━━ WORKING DATA ━━

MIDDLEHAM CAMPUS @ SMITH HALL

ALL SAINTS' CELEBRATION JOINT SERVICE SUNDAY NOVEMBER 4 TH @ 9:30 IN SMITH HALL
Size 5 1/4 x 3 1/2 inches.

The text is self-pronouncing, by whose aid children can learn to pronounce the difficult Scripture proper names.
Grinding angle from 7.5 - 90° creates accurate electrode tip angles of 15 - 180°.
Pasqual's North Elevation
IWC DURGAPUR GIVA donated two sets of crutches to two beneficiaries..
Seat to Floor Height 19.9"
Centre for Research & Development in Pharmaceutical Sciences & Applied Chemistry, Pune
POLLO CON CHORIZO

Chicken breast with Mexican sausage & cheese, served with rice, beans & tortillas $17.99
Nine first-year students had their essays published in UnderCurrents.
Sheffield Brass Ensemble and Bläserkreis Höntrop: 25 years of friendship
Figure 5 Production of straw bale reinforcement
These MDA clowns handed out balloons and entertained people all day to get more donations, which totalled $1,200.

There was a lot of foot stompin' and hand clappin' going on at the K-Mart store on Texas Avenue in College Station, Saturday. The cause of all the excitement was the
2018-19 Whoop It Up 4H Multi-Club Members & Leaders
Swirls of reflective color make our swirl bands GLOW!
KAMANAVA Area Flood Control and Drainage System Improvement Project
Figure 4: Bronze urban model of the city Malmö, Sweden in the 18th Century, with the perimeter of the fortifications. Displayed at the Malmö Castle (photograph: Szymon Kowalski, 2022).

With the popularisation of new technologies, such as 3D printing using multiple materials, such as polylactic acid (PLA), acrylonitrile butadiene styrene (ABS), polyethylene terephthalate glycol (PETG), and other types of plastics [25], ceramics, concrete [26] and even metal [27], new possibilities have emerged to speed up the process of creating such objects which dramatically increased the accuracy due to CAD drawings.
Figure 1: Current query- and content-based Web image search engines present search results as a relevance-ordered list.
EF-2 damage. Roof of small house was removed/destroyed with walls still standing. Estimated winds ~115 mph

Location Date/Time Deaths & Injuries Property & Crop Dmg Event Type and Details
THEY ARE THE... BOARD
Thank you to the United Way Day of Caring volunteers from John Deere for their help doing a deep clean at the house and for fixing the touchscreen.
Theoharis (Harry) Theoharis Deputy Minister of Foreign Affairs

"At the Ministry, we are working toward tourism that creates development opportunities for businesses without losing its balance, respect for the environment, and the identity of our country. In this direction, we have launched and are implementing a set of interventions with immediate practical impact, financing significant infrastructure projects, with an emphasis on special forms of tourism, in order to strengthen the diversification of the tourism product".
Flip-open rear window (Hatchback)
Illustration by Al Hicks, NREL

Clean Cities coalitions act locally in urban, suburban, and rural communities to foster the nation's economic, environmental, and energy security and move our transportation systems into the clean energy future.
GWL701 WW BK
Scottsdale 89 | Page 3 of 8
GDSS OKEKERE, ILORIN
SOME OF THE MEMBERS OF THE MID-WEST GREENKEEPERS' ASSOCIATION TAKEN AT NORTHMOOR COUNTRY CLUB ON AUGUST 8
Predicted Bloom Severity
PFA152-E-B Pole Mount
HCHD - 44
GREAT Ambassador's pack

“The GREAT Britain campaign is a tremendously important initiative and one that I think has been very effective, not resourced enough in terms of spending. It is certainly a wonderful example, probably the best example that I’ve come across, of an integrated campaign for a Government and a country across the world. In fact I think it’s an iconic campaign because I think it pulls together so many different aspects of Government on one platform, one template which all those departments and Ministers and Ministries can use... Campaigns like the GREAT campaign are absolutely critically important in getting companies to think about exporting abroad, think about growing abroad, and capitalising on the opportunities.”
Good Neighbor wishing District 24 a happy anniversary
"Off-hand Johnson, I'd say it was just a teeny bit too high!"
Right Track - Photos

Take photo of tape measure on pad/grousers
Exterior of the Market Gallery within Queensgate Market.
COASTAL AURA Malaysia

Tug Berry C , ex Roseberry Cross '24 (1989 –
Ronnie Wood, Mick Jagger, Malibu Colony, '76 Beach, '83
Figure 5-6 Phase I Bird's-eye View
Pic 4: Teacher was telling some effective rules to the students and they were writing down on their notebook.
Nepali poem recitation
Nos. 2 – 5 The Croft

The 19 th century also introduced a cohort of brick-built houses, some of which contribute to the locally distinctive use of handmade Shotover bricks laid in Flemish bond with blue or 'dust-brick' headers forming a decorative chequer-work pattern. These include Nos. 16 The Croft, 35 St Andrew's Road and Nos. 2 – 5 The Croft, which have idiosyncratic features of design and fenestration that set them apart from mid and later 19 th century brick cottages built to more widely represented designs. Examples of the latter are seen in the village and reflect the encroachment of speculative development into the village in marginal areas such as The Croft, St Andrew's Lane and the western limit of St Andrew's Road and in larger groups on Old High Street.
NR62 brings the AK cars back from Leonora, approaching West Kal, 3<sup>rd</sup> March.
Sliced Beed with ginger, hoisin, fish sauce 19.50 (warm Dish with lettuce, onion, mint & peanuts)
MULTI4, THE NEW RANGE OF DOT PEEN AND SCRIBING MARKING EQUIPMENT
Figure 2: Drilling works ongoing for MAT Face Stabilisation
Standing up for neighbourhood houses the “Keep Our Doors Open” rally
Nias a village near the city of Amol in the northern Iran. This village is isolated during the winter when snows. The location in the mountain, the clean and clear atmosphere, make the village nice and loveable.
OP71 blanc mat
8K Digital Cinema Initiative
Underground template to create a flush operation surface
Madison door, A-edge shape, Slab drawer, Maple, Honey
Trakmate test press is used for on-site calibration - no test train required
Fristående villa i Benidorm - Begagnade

━━━

→ **EXERCISE**
When a line of the records holds the word "from", copy that line.

→ **RESPONSE TO THE TASK**
Grinding angle from 7.5 - 90° creates accurate electrode tip angles of 15 - 180°.
Thank you to the United Way Day of Caring volunteers from John Deere for their help doing a deep clean at the house and for fixing the touchscreen.
The 19 th century also introduced a cohort of brick-built houses, some of which contribute to the locally distinctive use of handmade Shotover bricks laid in Flemish bond with blue or 'dust-brick' headers forming a decorative chequer-work pattern. These include Nos. 16 The Croft, 35 St Andrew's Road and Nos. 2 – 5 The Croft, which have idiosyncratic features of design and fenestration that set them apart from mid and later 19 th century brick cottages built to more widely represented designs. Examples of the latter are seen in the village and reflect the encroachment of speculative development into the village in marginal areas such as The Croft, St Andrew's Lane and the western limit of St Andrew's Road and in larger groups on Old High Street.
NR62 brings the AK cars back from Leonora, approaching West Kal, 3<sup>rd</sup> March.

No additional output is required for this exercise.